Discrete Dynamics in Nature and Society

Volume 2017, Article ID 4580206, 15 pages

https://doi.org/10.1155/2017/4580206

## A Decentralized Partially Observable Markov Decision Model with Action Duration for Goal Recognition in Real Time Strategy Games

College of Information System and Management, National University of Defense Technology, Changsha 410073, China

Correspondence should be addressed to Kai Xu; nc.ude.tdun@90iakux

Received 22 March 2017; Accepted 8 June 2017; Published 16 July 2017

Academic Editor: Filippo Cacace

Copyright © 2017 Peng Jiao et al. This is an open access article distributed under the Creative Commons Attribution License, which permits unrestricted use, distribution, and reproduction in any medium, provided the original work is properly cited.

#### Abstract

Multiagent goal recognition is a tough yet important problem in many real time strategy games or simulation systems. Traditional modeling methods either are in great demand of detailed agents’ domain knowledge and training dataset for policy estimation or lack clear definition of action duration. To solve the above problems, we propose a novel Dec-POMDM-T model, combining the classic Dec-POMDP, an observation model for recognizer, joint goal with its termination indicator, and time duration variables for actions with action termination variables. In this paper, a model-free algorithm named cooperative colearning based on Sarsa is used. Considering that Dec-POMDM-T usually encounters multiagent goal recognition problems with different sorts of noises, partially missing data, and unknown action durations, the paper exploits the SIS PF with resampling for inference under the dynamic Bayesian network structure of Dec-POMDM-T. In experiments, a modified predator-prey scenario is adopted to study multiagent joint goal recognition problem, which is the recognition of the joint target shared among cooperative predators. Experiment results show that (a) Dec-POMDM-T works effectively in multiagent goal recognition and adapts well to dynamic changing goals within agent group; (b) Dec-POMDM-T outperforms traditional Dec-MDP-based methods in terms of precision, recall, and -measure.

#### 1. Introduction

Recently, more and more commercial real time strategy (RTS) games have received attention from AI researchers, behavior scientists, policy evaluators, and staff training groups [1]. A key aspect in developing these RTS games is to create human-like players or agents who can act or react intelligently against changing virtual environment and incoming interactions from real players [2]. Though many AI planning and decision-making algorithms have been applied to agents in RTS games, their behavior patterns are still easy to be predicted and thus making games less entertaining or intuitive. This is partially because of agents’ low information processing and understanding ability, for example, the recognition of goal or intention from opponents or friends. In other words, understanding goals or intentions in time helps agents cooperate better or make counter decisions more efficiently.

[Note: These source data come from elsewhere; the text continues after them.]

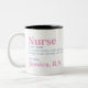 Cute gift for nursing, healthcare and medical professionals. Simple typography font, nurse definition custom name coffee mug. Personalize with name and title. Easily customize font style and color in the design tool. Makes a great gift for nurse appreciation week or nursing student graduation. Great for an RN, LPN, ARNP, Nurse Practictioner, NP, CRNA, Nurse Anesthetist. Also a perfect Mother's Day gift for nurses.
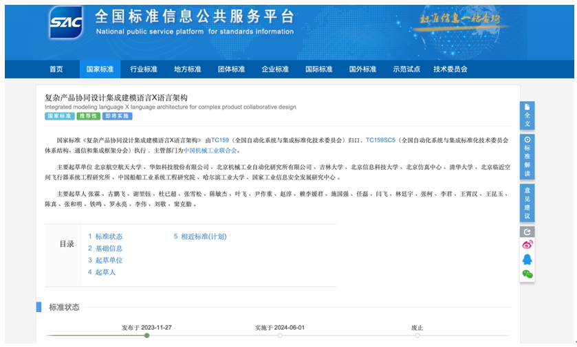 我国自主研发的《复杂产品协同设计集成建模语言X语言架构》国家标准,于2023年11月27日正式发布。
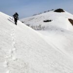 翌朝も急登から始まる。雪上に残るのは獣の足跡だけだ。鴨と呼ばれる一帯は窪地があるので雪が溶ければ池になるのか。三角点は雪の下か。何回かアップダウンを繰り返し、ついに磯倉から能郷白山に続くたおやかな稜線が眼前に広がった。しかし下りの時間を考えるとここまでか。。。名残惜しいが背を向けて長い道を下ることにした。
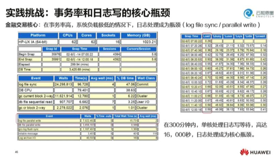 这是一个Oracle的案例中的示范,是一个金融级客户的核心。从以下数据中我们不难发现,它最显著的是等待log filesync,即日志同步。它的等待时间达到了16000秒,而数据库总时长为18000秒,load的时长还不到1。而且就单核来看,它的日志写也已经达到了100%。这使得日志处理成为了核心瓶颈。
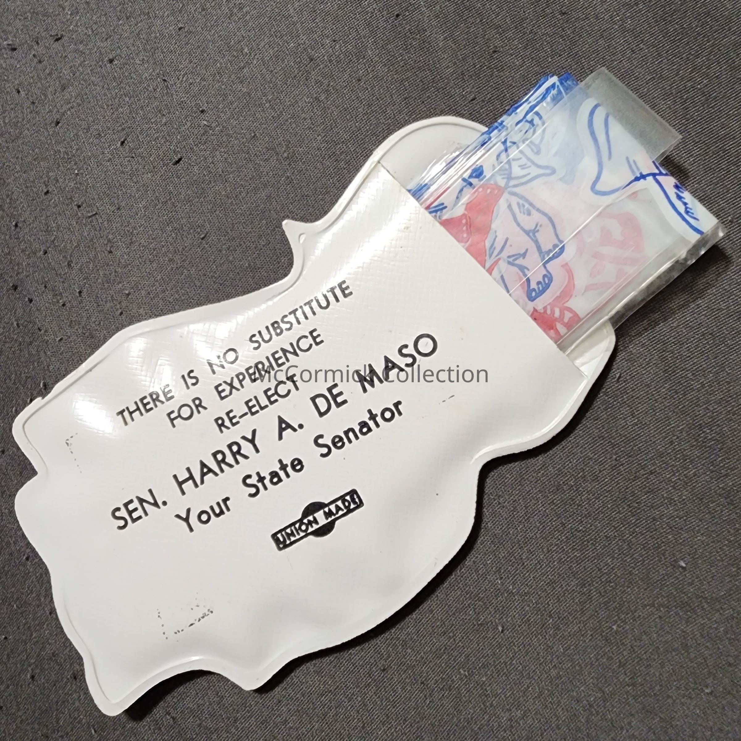 A vinyl and plastic Reelection Campaign elephant shaped umbrella bag giveaway for State Sen. Harry A. DeMaso.
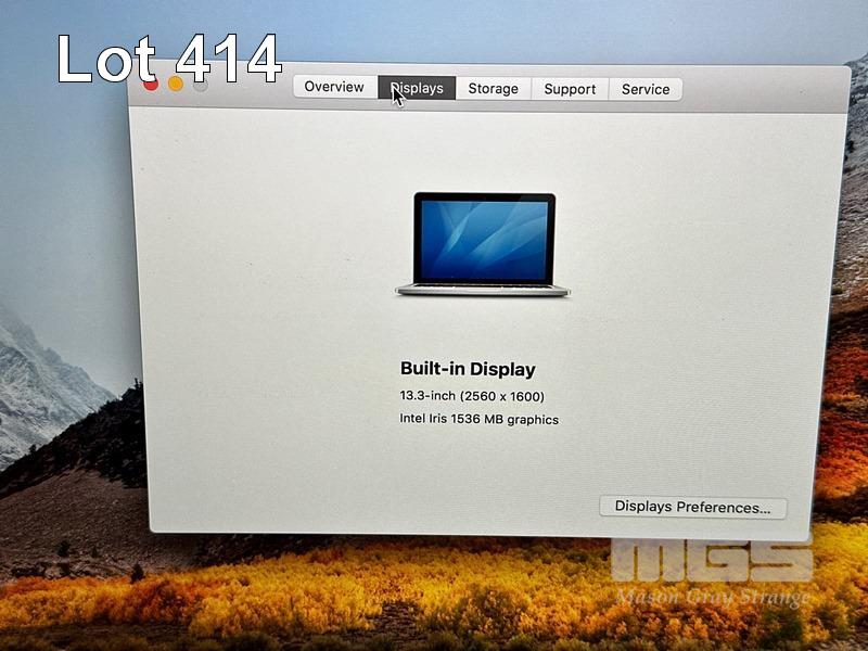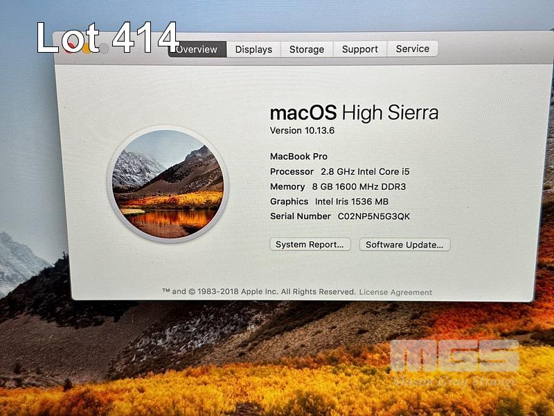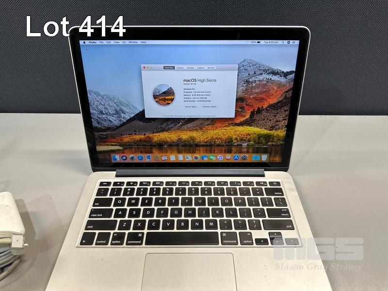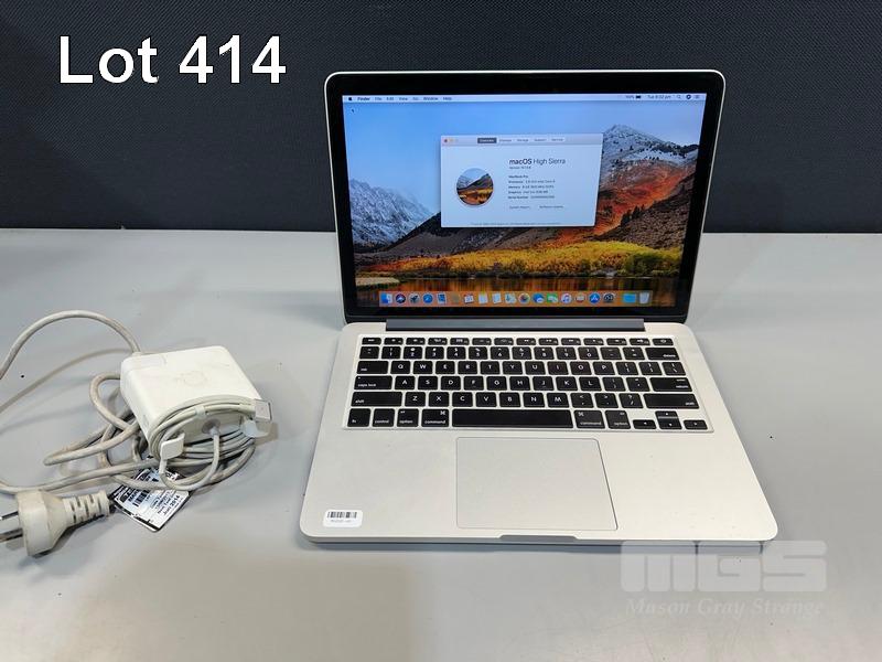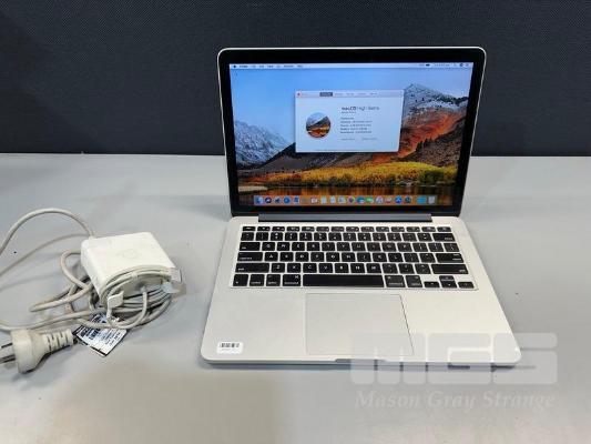 LAPTOP, APPLE MACBOOK PRO (A1502), CORE i5 4308U (4TH GEN) @ 2.8GHz, 8GB DDR3 RAM, 512GB SSD, 13.3" DISPLAY (2560x1600), INTEL IRIS GRAPHICS, Wi-Fi, BLUETOOTH, MAC OS 10.13 INSTALLED & POWER SUPPLY (NOTE: MINOR MARKS ON SCREEN) S/N:C02NP5N5G3QK
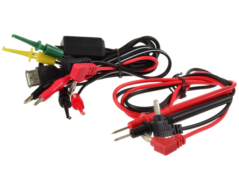 2. Przewody połączeniowe 7 końcówek (2x banan na 4x pazurek + 2x krokodylek + USB)
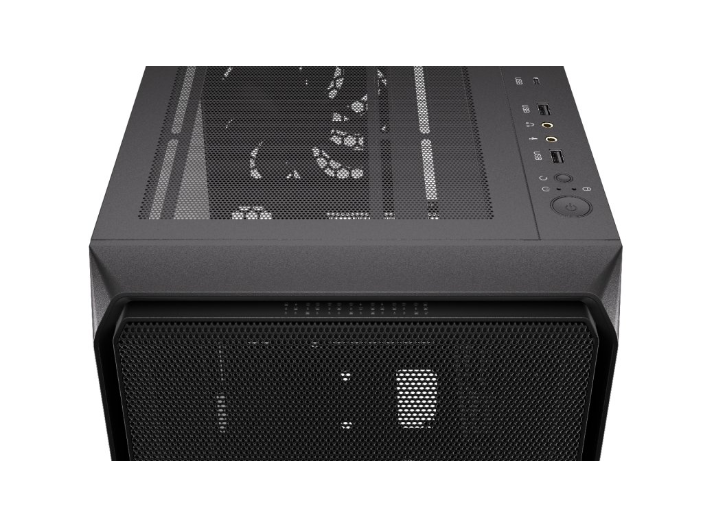 Přední I/O panel: 1× USB-C 3.2 Gen 2 (10 Gb/s), 2× USB-A 3.2 Gen 1 (5 Gb/s), 1× jack 3,5 mm (sluchátka), 1× jack 3,5 mm (mikrofon), 1× tlačítko POWER, 1× tlačítko RESET
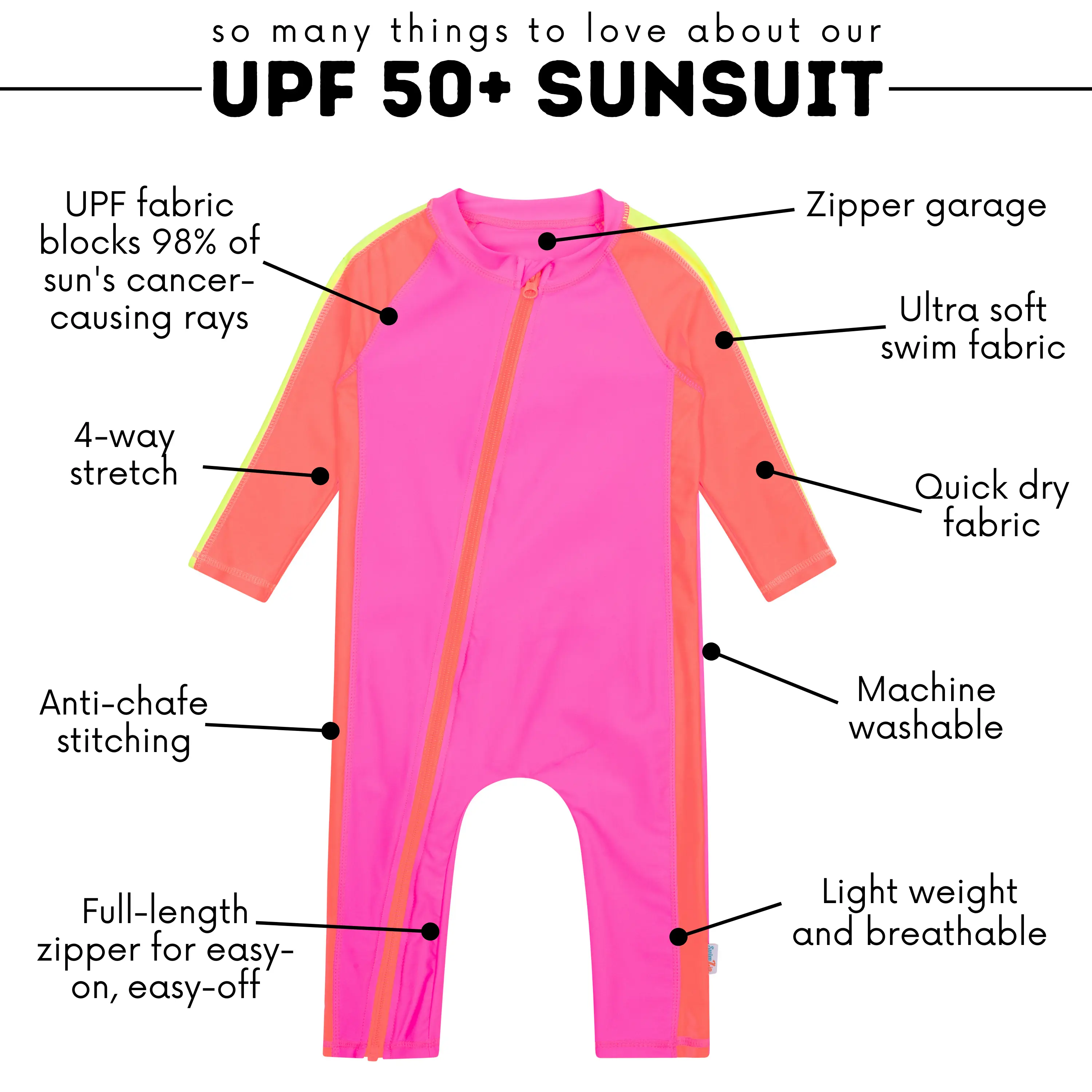 Our infant and toddler long sleeve sunsuit is full of features to make fun-in-the-sun a breeze. With neck to wrist to ankle sun protection, there will be no more sunscreen-slick wiggly little, squirming out of your arms. They are protected from the sun’s rays anywhere this sunsuit covers!

A typical scenario in RTS games is a group of AI players cooperating to achieve a certain mission. In the Star-Craft, for example, the AI players have to cooperate so as to besiege enemy bases or intercept certain logistic forces [3]. Therefore, if AI players can recognize the real moving or attacking target, they will be better prepared, no matter with early defense employment or counter decision-making. Considering these benefits, goal recognition has attracted lots of attention from researchers in many different fields. Many related models and algorithms have been proposed and applied, such as hidden Markov models (HMMs) [4], conditional random fields (CRFs) [5], Markov decision processes (MDPs) [6], and particle filtering (PF) [7].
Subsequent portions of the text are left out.